(Task goal)
Please write out, exactly, every line of the listing from its first line through the one that includes "O presidente da".
==================================================
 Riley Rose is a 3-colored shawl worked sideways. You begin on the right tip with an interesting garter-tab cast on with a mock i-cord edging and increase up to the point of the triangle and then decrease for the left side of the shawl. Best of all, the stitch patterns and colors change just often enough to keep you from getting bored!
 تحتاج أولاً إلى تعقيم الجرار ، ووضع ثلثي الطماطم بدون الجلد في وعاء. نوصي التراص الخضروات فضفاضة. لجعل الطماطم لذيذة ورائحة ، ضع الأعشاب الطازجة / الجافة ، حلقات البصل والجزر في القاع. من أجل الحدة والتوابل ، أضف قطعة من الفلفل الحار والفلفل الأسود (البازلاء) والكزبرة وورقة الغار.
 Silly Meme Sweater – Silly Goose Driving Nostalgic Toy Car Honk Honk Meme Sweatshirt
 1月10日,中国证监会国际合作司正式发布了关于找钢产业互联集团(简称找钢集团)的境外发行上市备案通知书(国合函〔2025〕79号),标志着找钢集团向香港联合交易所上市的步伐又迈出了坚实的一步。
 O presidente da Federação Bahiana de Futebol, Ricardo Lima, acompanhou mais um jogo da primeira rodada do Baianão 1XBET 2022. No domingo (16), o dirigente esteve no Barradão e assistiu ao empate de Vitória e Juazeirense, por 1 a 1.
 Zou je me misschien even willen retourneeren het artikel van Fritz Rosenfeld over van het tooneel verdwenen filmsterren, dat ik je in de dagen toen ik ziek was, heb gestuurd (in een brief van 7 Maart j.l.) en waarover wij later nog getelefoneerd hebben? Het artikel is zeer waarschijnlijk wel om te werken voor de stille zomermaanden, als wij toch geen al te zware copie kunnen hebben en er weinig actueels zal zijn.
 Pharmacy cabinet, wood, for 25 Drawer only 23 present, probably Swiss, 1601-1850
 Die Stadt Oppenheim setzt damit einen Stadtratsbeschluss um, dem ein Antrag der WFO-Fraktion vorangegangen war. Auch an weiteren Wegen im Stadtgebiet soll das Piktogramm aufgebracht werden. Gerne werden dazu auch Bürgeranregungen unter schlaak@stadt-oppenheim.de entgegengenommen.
==================================================
(Final answer)
 Riley Rose is a 3-colored shawl worked sideways. You begin on the right tip with an interesting garter-tab cast on with a mock i-cord edging and increase up to the point of the triangle and then decrease for the left side of the shawl. Best of all, the stitch patterns and colors change just often enough to keep you from getting bored!
 تحتاج أولاً إلى تعقيم الجرار ، ووضع ثلثي الطماطم بدون الجلد في وعاء. نوصي التراص الخضروات فضفاضة. لجعل الطماطم لذيذة ورائحة ، ضع الأعشاب الطازجة / الجافة ، حلقات البصل والجزر في القاع. من أجل الحدة والتوابل ، أضف قطعة من الفلفل الحار والفلفل الأسود (البازلاء) والكزبرة وورقة الغار.
 Silly Meme Sweater – Silly Goose Driving Nostalgic Toy Car Honk Honk Meme Sweatshirt
 1月10日,中国证监会国际合作司正式发布了关于找钢产业互联集团(简称找钢集团)的境外发行上市备案通知书(国合函〔2025〕79号),标志着找钢集团向香港联合交易所上市的步伐又迈出了坚实的一步。
 O presidente da Federação Bahiana de Futebol, Ricardo Lima, acompanhou mais um jogo da primeira rodada do Baianão 1XBET 2022. No domingo (16), o dirigente esteve no Barradão e assistiu ao empate de Vitória e Juazeirense, por 1 a 1.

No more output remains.